__What to produce__.
Please retype the data below line for line and leave out every picture.

__Data__.
#####
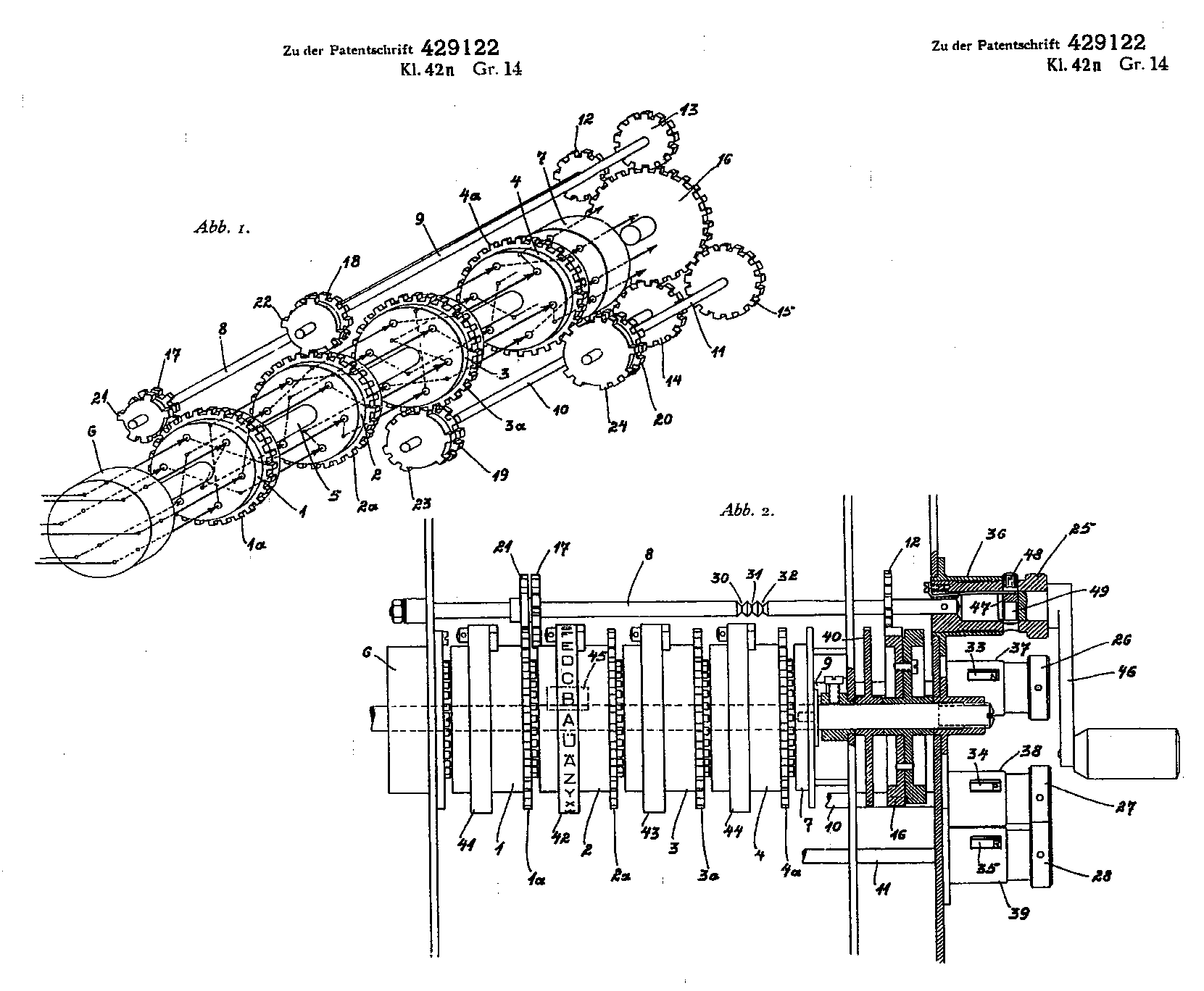 DE429122 Chiffriermaschine mit einer Mehrzahl von die Vertauschung der Zeichen bewirkenden Chiffrierwalzen; Application date 26 March 1924, granted 21 May 1926; Applicant: Chiffriermaschinen Aktiengesellschaft in Berlin; Inventor Paul Bernstein; 1. claim: Chiffriermaschine mit einer Mehrzahl von die Vertauschung der Zeichen wirkenden Chiffrierwalzen, dadurch gekennzeichnet, daß die den Antrieb der Chiffrierwalzen zur Änderung des vertauschungssystems bewirkenden Zahnräder Teilung nach Primzahlen oder ohne einen gemeinsamen Faktor besitzen. ... This patent definitely belongs to their type-writer apparatus. (Regard also: ETZ 1923 on Arthur Scherbius' article)
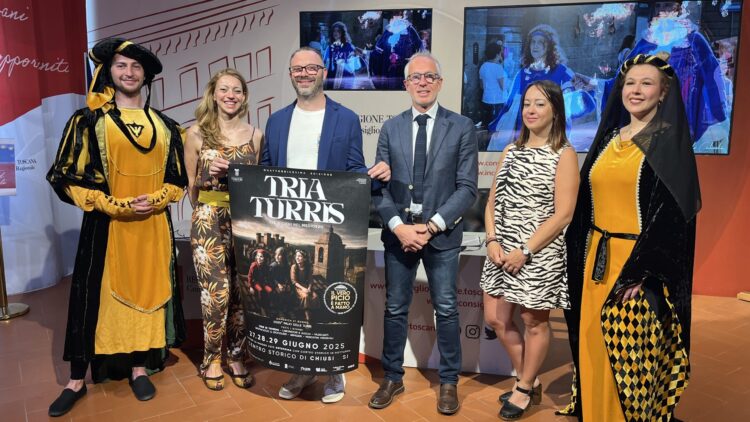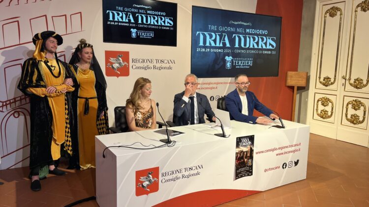 CHIUSI. Presentato presso il Palazzo della Regione Toscana il programma della XIV edizione del Tria Turris della Città di Chiusi. Dal 27 al 29 giugno 2025 il centro storico della città chiusina è pronto a essere catapultato nel medioevo grazie alla festa medievale organizzata dall’Associazione Terzieri della Città di Chiusi, che ormai da quattordici anni unisce storia, tradizione e spettacolo.
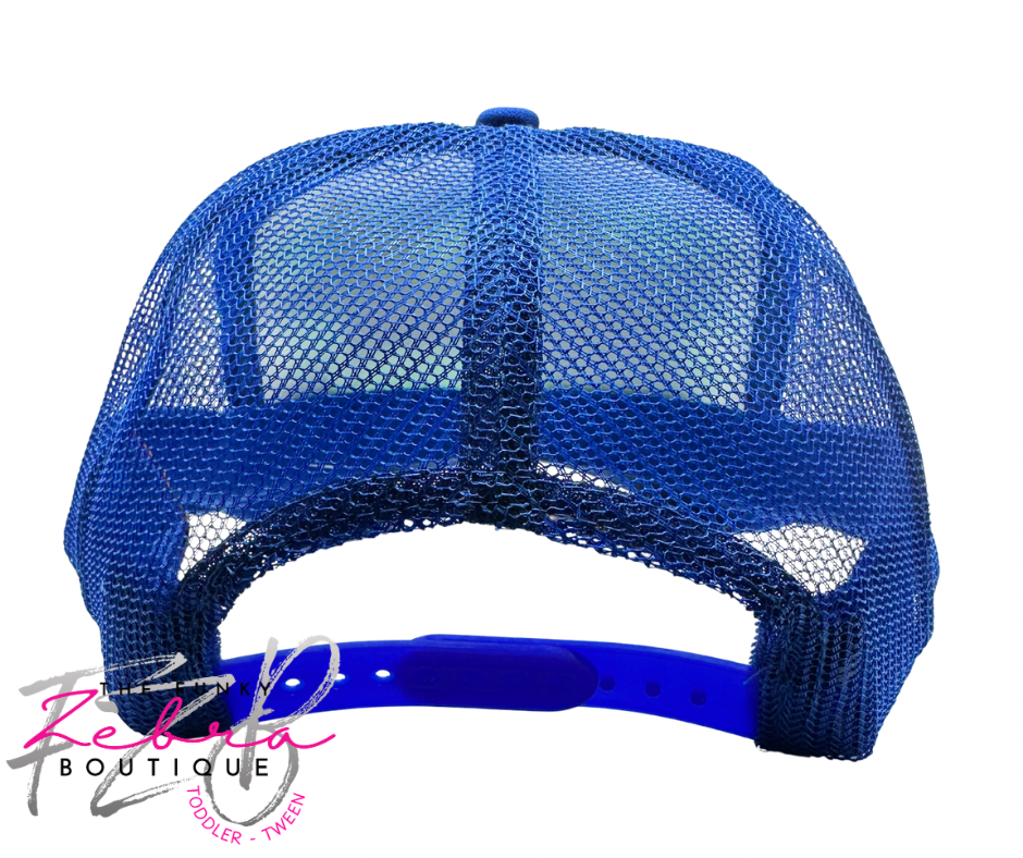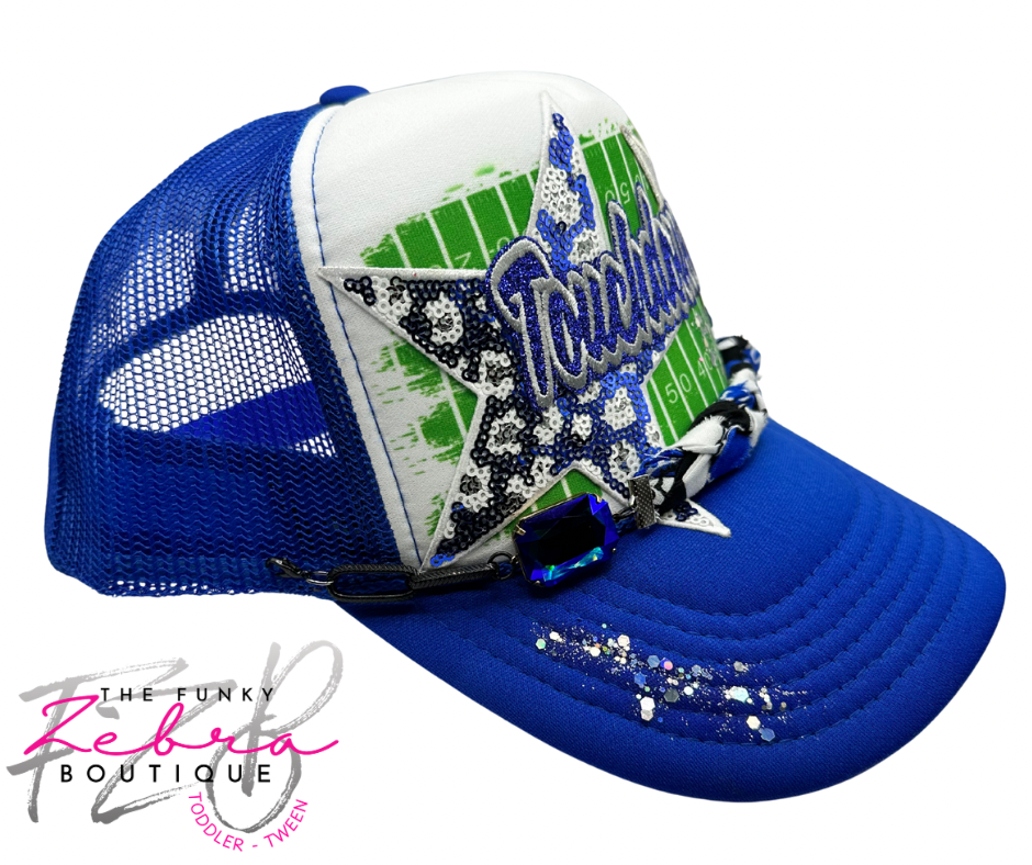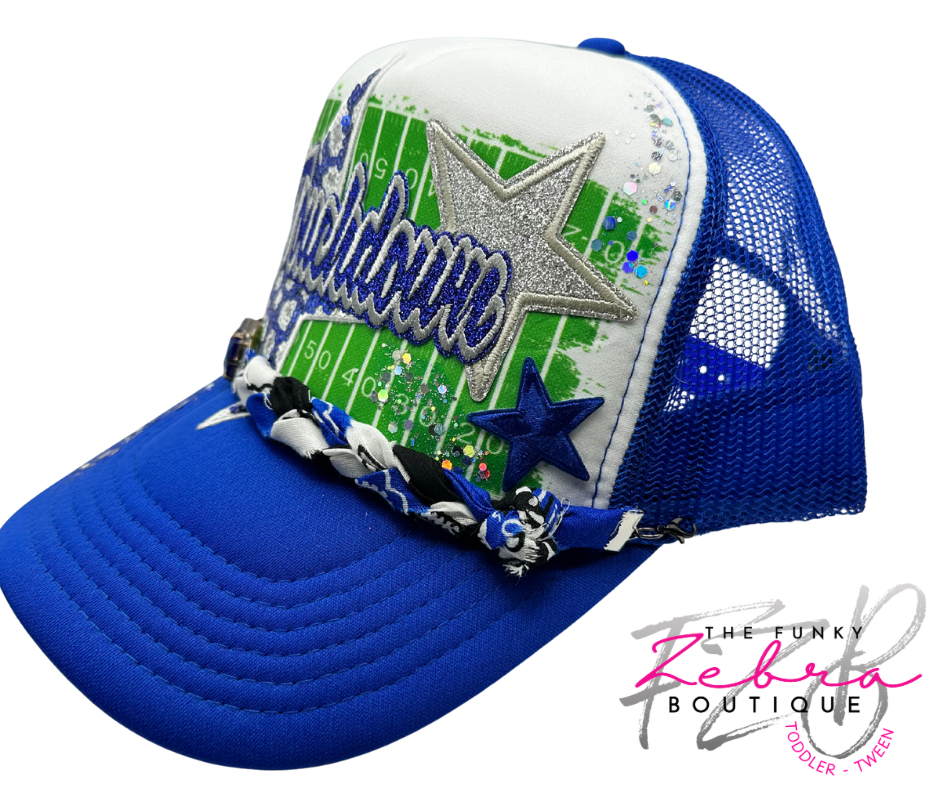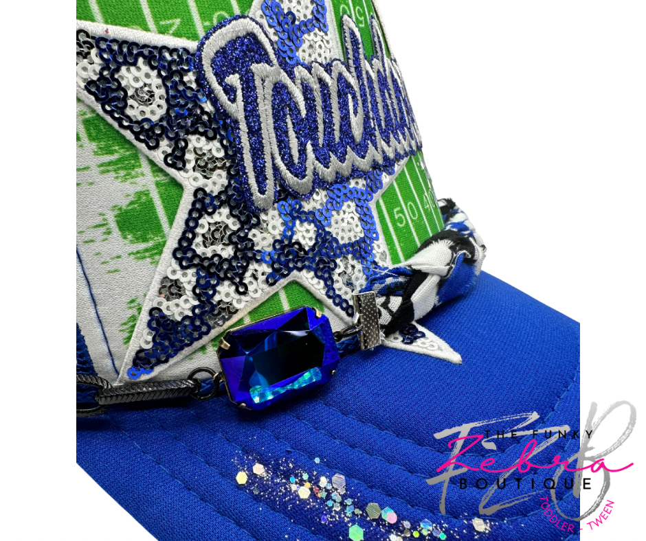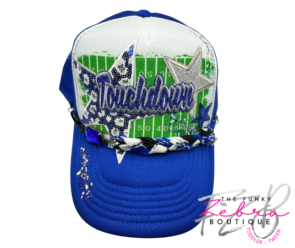 This sweet handmade foam trucker patch hat is the perfect way to cheer on your favorite football team. A trio of sequin, glitter and embroidered stars with a custom made Touchdown patch in royal blue glitter and grey embroidered outline layered on top of a sublimation football field background. A few dashes of iridescent silver glitter and a braided bandana hat chain finish this hat off. All adorned on an OTTO brand Adult Royal Blue and white foam front trucker hat with mesh back and adjustable snap closure.
#####
__Your response__.
 DE429122 Chiffriermaschine mit einer Mehrzahl von die Vertauschung der Zeichen bewirkenden Chiffrierwalzen; Application date 26 March 1924, granted 21 May 1926; Applicant: Chiffriermaschinen Aktiengesellschaft in Berlin; Inventor Paul Bernstein; 1. claim: Chiffriermaschine mit einer Mehrzahl von die Vertauschung der Zeichen wirkenden Chiffrierwalzen, dadurch gekennzeichnet, daß die den Antrieb der Chiffrierwalzen zur Änderung des vertauschungssystems bewirkenden Zahnräder Teilung nach Primzahlen oder ohne einen gemeinsamen Faktor besitzen. ... This patent definitely belongs to their type-writer apparatus. (Regard also: ETZ 1923 on Arthur Scherbius' article)
 CHIUSI. Presentato presso il Palazzo della Regione Toscana il programma della XIV edizione del Tria Turris della Città di Chiusi. Dal 27 al 29 giugno 2025 il centro storico della città chiusina è pronto a essere catapultato nel medioevo grazie alla festa medievale organizzata dall’Associazione Terzieri della Città di Chiusi, che ormai da quattordici anni unisce storia, tradizione e spettacolo.
 This sweet handmade foam trucker patch hat is the perfect way to cheer on your favorite football team. A trio of sequin, glitter and embroidered stars with a custom made Touchdown patch in royal blue glitter and grey embroidered outline layered on top of a sublimation football field background. A few dashes of iridescent silver glitter and a braided bandana hat chain finish this hat off. All adorned on an OTTO brand Adult Royal Blue and white foam front trucker hat with mesh back and adjustable snap closure.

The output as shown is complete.